Exercise details:
Reproduce the entire listing exactly. Leave the pictures out.

Data block:
********************
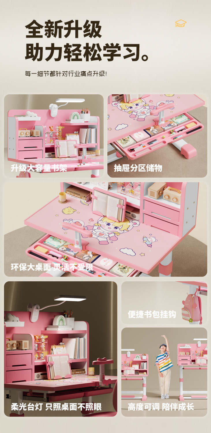 앉은 자세를 교정하고 높이를 조절할 수 있는 어린이 학습 테이블, 책상 조합 세트, 학생용 가정용 책상, 책상스토어 가기
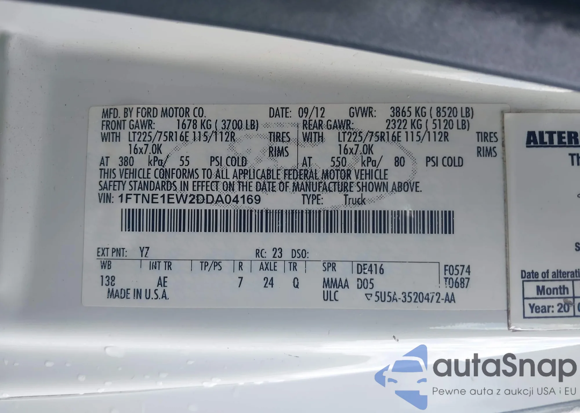 LOT: 42110332 VIN: 1FTNE1EW2DDA04169
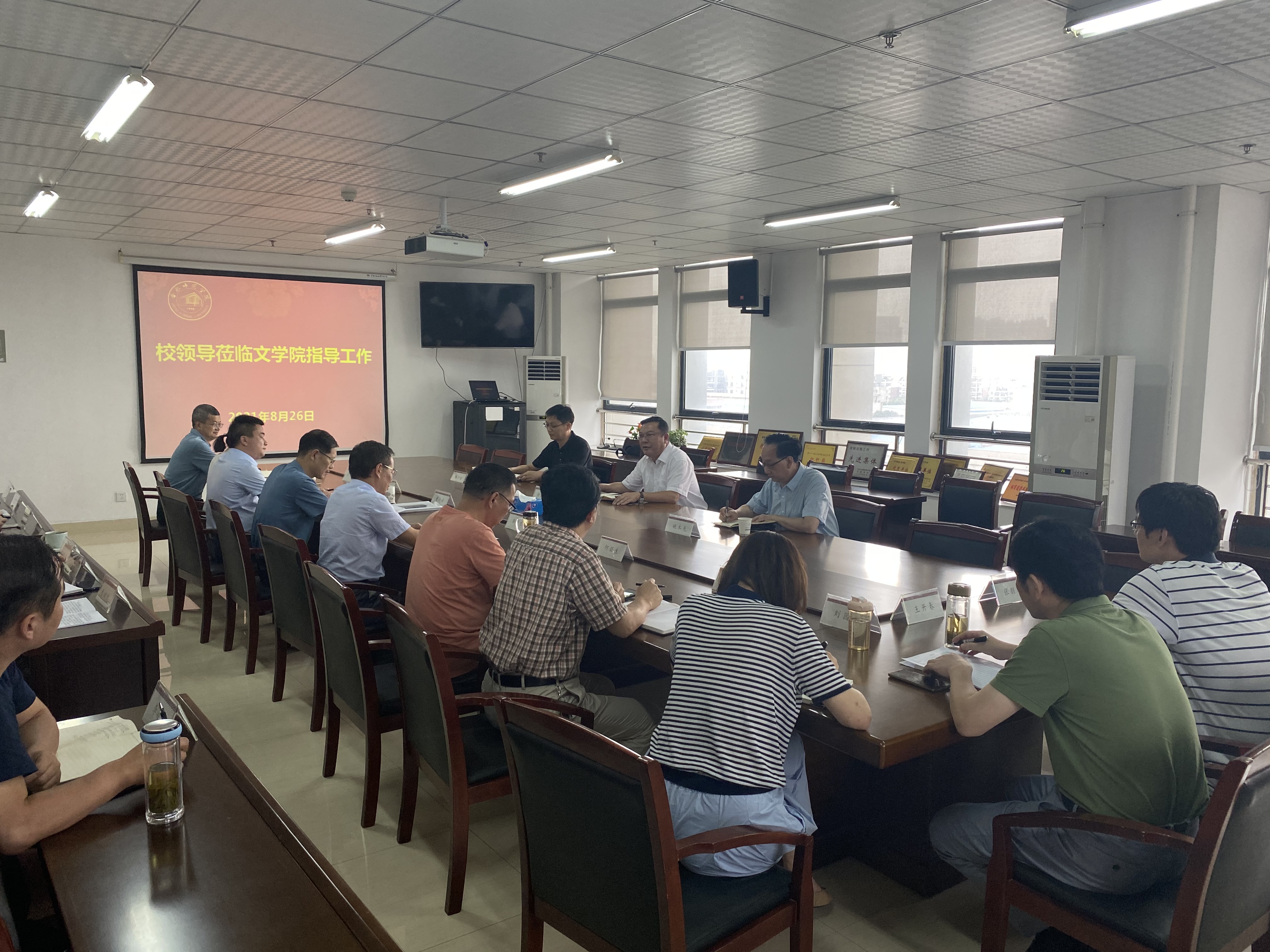 8月26日下午,校党委书记徐成钢,党委委员、副校长姚本先,校办公室主任鲍官柢一行到beat365中文唯一官网进行调研指导,全面了解新学期开学准备和专业认证工作。beat365中文唯一官网党政领导班子成员、党支部书记、系负责人、专业认证专项工作组同志等参加调研会。
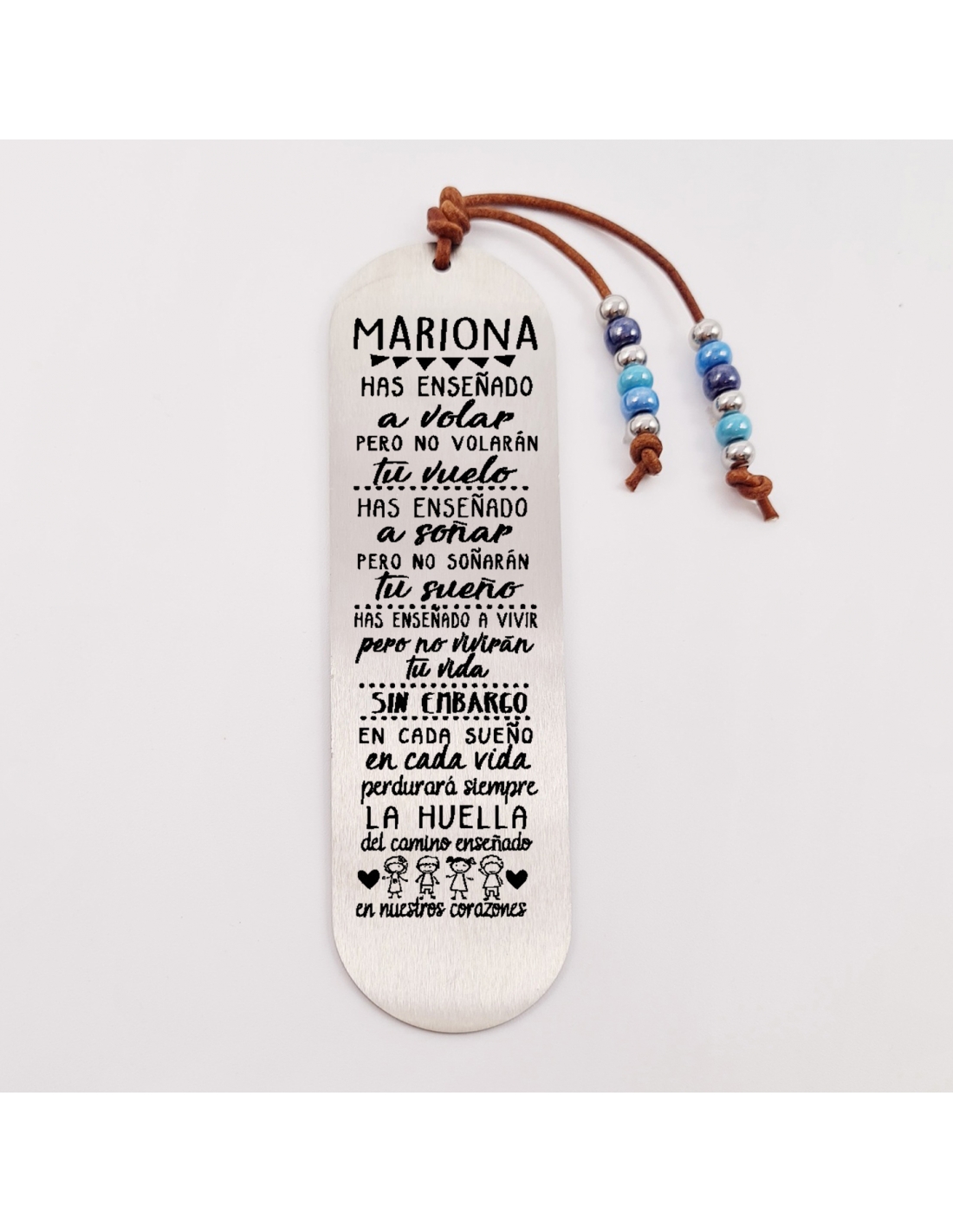 Recomendamos no mojar el marca páginas, manteniendo de este modo el brillo del acero y evitando el deterioro anticipado del algodón a modo de borla.
********************
Your solution:
 앉은 자세를 교정하고 높이를 조절할 수 있는 어린이 학습 테이블, 책상 조합 세트, 학생용 가정용 책상, 책상스토어 가기
 LOT: 42110332 VIN: 1FTNE1EW2DDA04169
 8月26日下午,校党委书记徐成钢,党委委员、副校长姚本先,校办公室主任鲍官柢一行到beat365中文唯一官网进行调研指导,全面了解新学期开学准备和专业认证工作。beat365中文唯一官网党政领导班子成员、党支部书记、系负责人、专业认证专项工作组同志等参加调研会。
 Recomendamos no mojar el marca páginas, manteniendo de este modo el brillo del acero y evitando el deterioro anticipado del algodón a modo de borla.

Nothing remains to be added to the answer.